The U.S. military launched another attack Tuesday on a ship in the eastern Pacific suspected of carrying drugs, killing three men.
In one Social media postThe U.S. Southern Command said its commander, Gen. Francis L. Donovan, ordered a “lethal kinetic attack” on a boat allegedly operated by “Designated Terrorist Organizations” and “involved in drug trafficking,” but without providing evidence. It also included unclassified video of the strike.
The attack came a day after US forces beaten a suspected drug boat in the Caribbean Sea that killed two people.
The Trump administration’s campaign to blow up suspected drug trafficking ships in Latin American waters has been ongoing since early September and has killed a total of at least 190 people, according to the Pentagon.

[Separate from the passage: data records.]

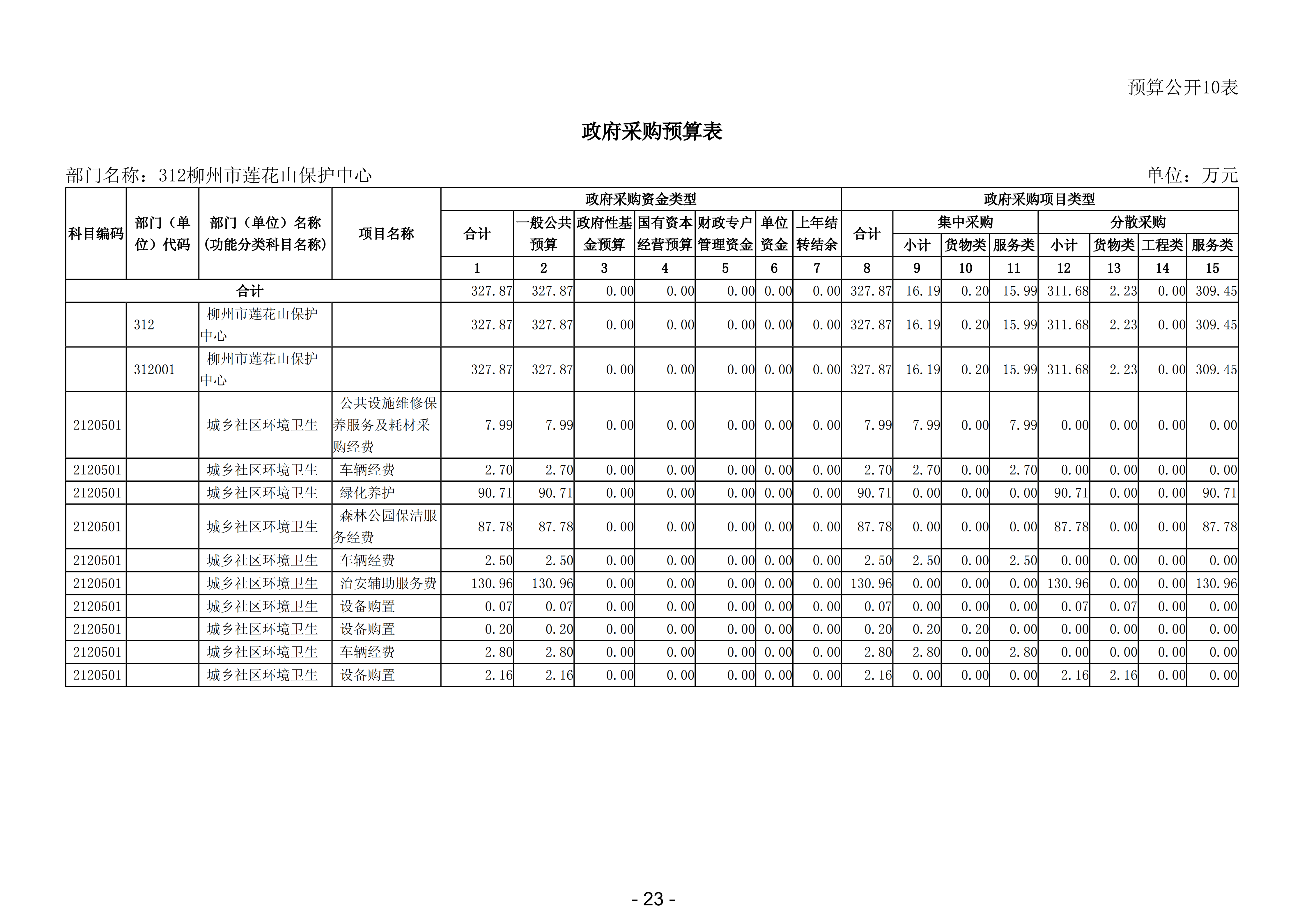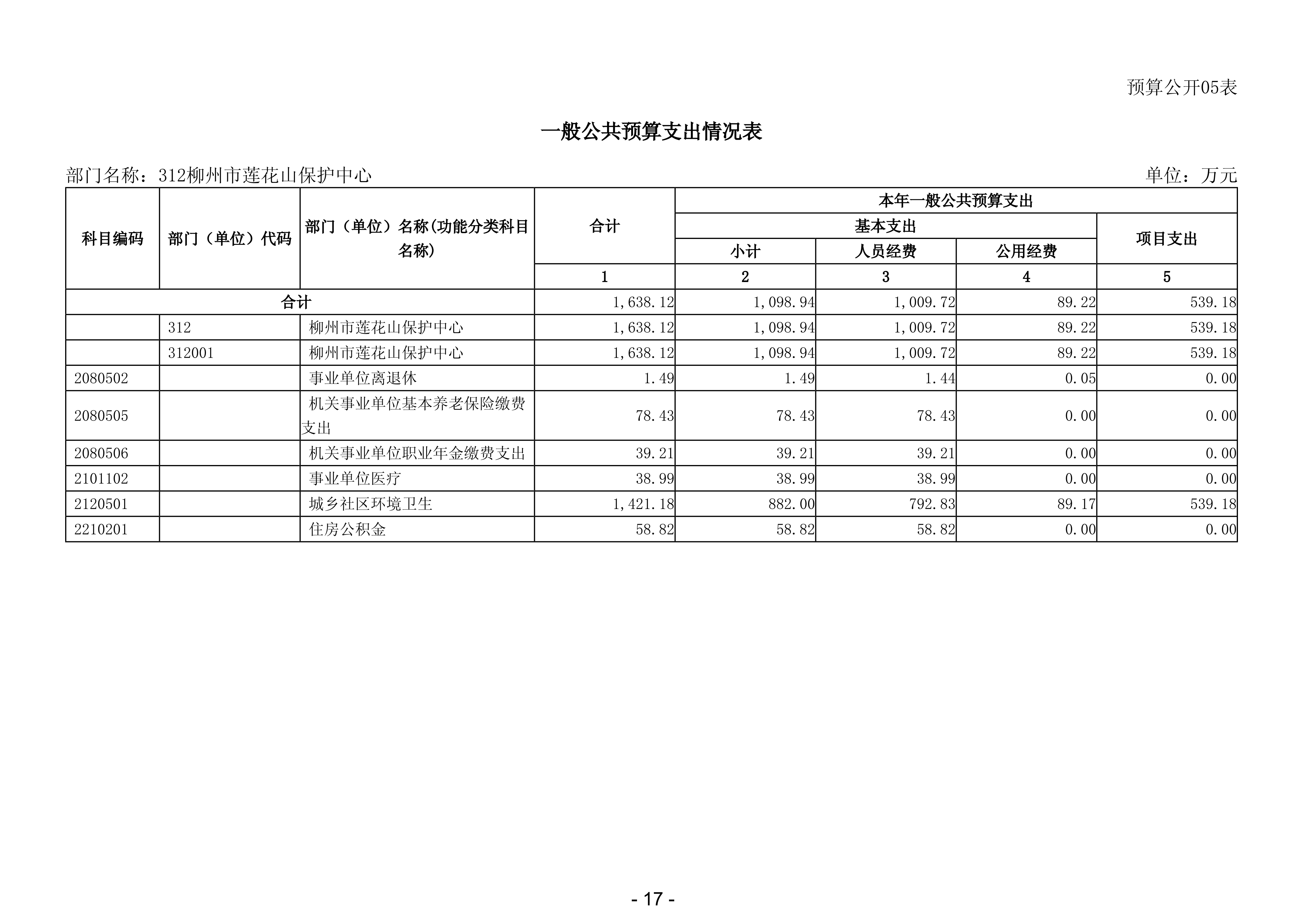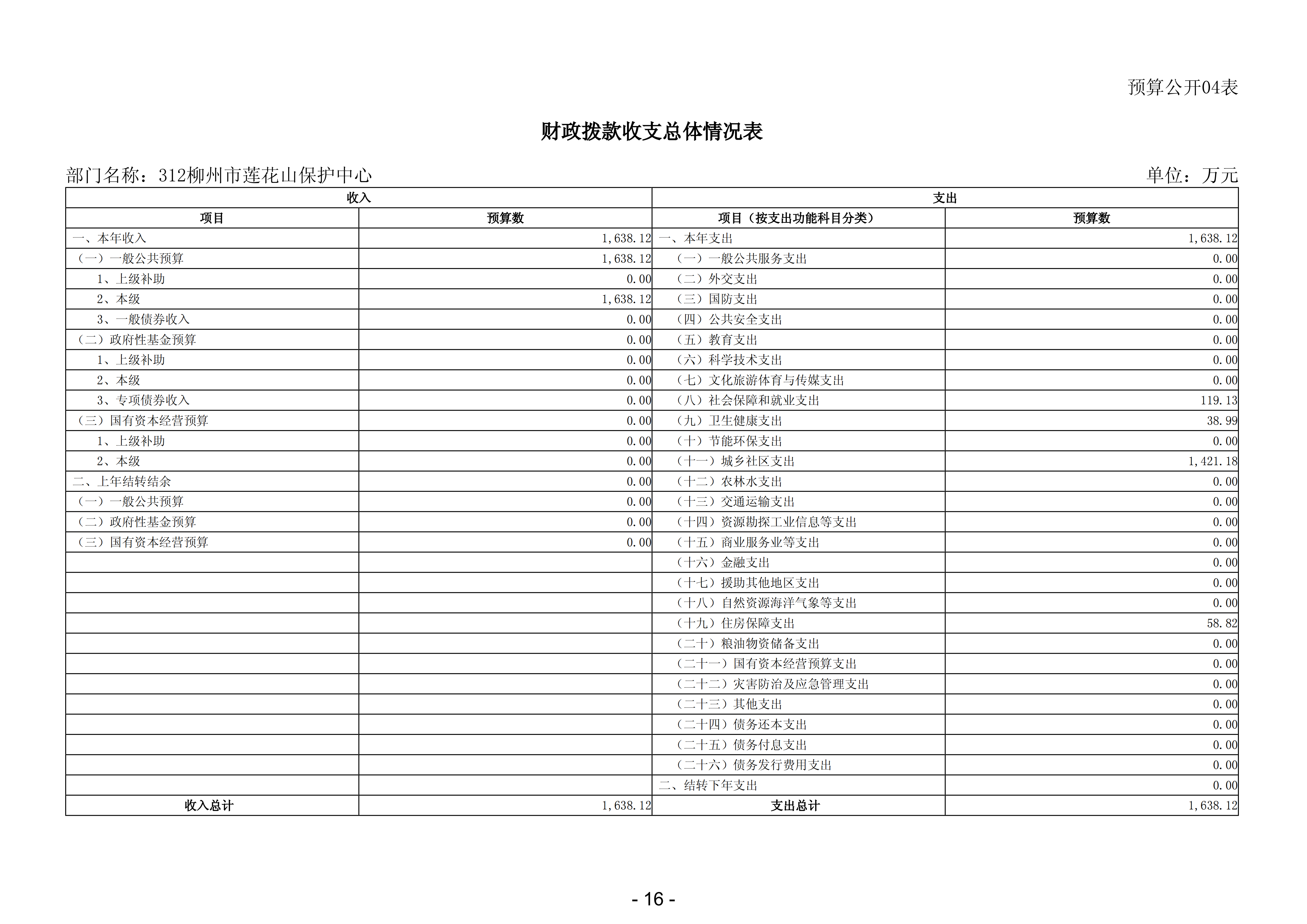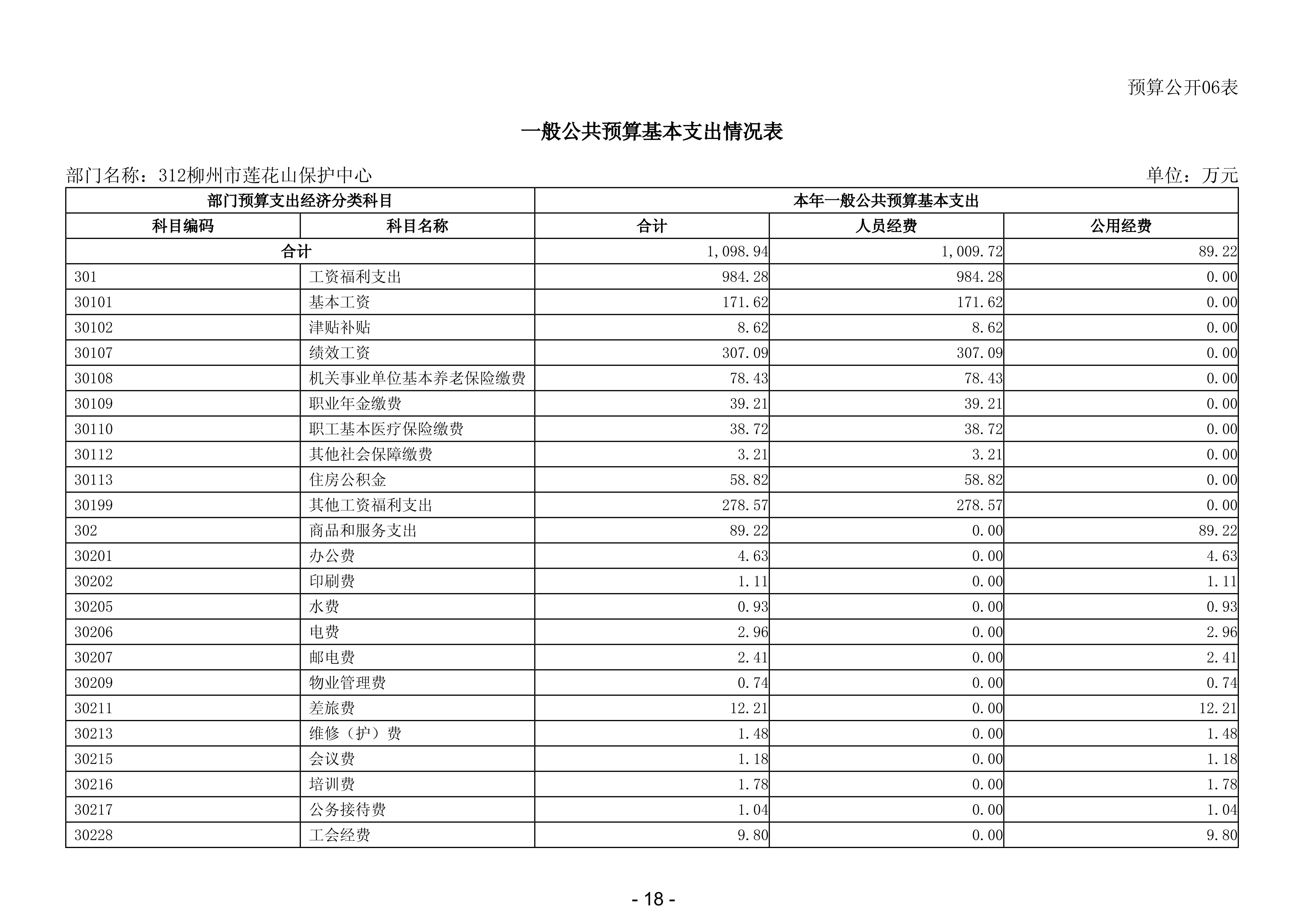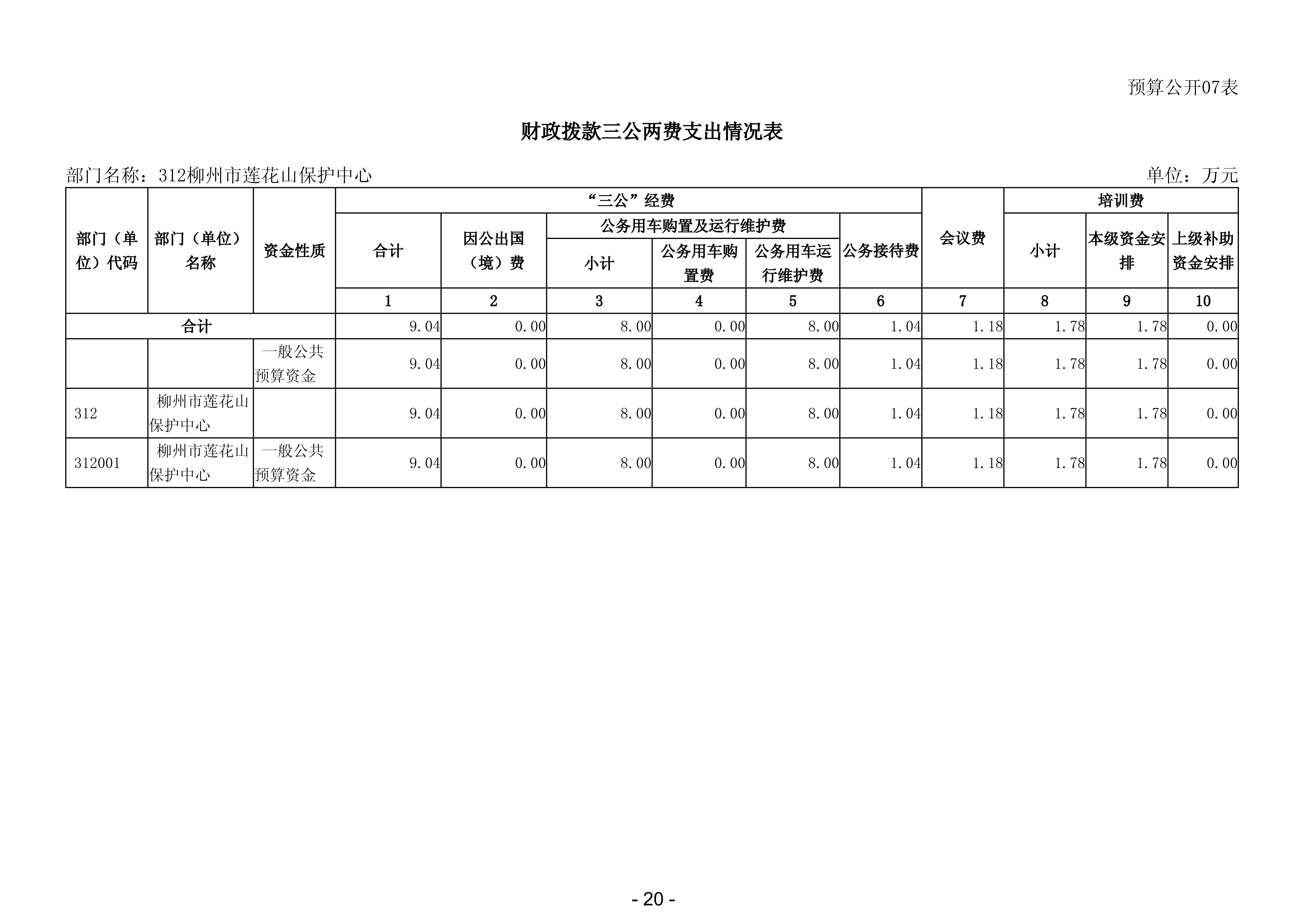 312柳州市莲花山保护中心2026年部门预算公开说明
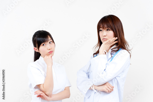 woman, two people, plural, labcoat, nurse, nurse, nurse, doctor, doctor, doctor, uniform, costume, white, contemplate, deliberation, recollect, thinking, trouble, hospital, medical care, angel, emergency, exam, refreshing, clean, uniform, work, business, sweet, beauty, clean, elegant, young, advertisement, copy space, white background, portrait, nature, japanese, chinese, asian
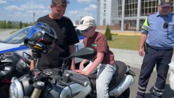 Там их уже ждал именинник с мамой. Теплые слова, воздушные шары и, конечно, подарки – футбольный мяч и сертификат на новые очки. А еще Влад смог почувствовать себя настоящим байкером – примерил экипировку и оседлал железных коней. По словам мамы мальчика Влада Ларисы, юный юбиляр оценил такое яркое поздравление!
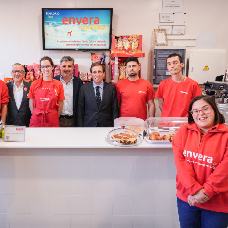 Almeida reivindica el carácter integrador de Madrid y anima a que sea “una ciudad que todos podamos disfrutar al margen de las capacidades”El alcalde de Madrid, José Luis Martínez-Almeida, junto al concejal de Barajas, Juan Peña, ha visitado esta mañana Envera Gastro, la primera cafetería gestionada por personas con discapacidad en una instalación municipal de Madrid. Ubicada en el Centro Cultural Gloria Fuertes del distrito, abrió sus puertas el pasado mes de mayo, mediante concurso público.

Despite the Iran war, the strikes have started up This shows that the government’s aggressive measures to curb what it calls “narcoterrorism” in the Western Hemisphere are showing no signs of abating. The military has provided no evidence that any of the ships were carrying drugs.
The attacks began as the U.S. was building its largest military presence in the region in generations and came months before the January attack captured that the then Venezuelan President Nicolás Maduro. He was taken to New York to face drug trafficking charges and pleaded not guilty.
In Tuesday’s attack, the US Southern Command again said it had targeted suspected drug traffickers along known smuggling routes. A video was posted on X showing a boat sailing across the water before a massive explosion sets the ship ablaze.
President Trump said the U.S. was in an “armed conflict” with cartels in Latin America and justified the attacks as a necessary escalation to stem the flow of drugs into the U.S. and fatal overdoses that have claimed American lives. But his government has provided little evidence to back up its claims of killing “narco terrorists.”
Critics, meanwhile, have questioned the overall legality of the boat strikes.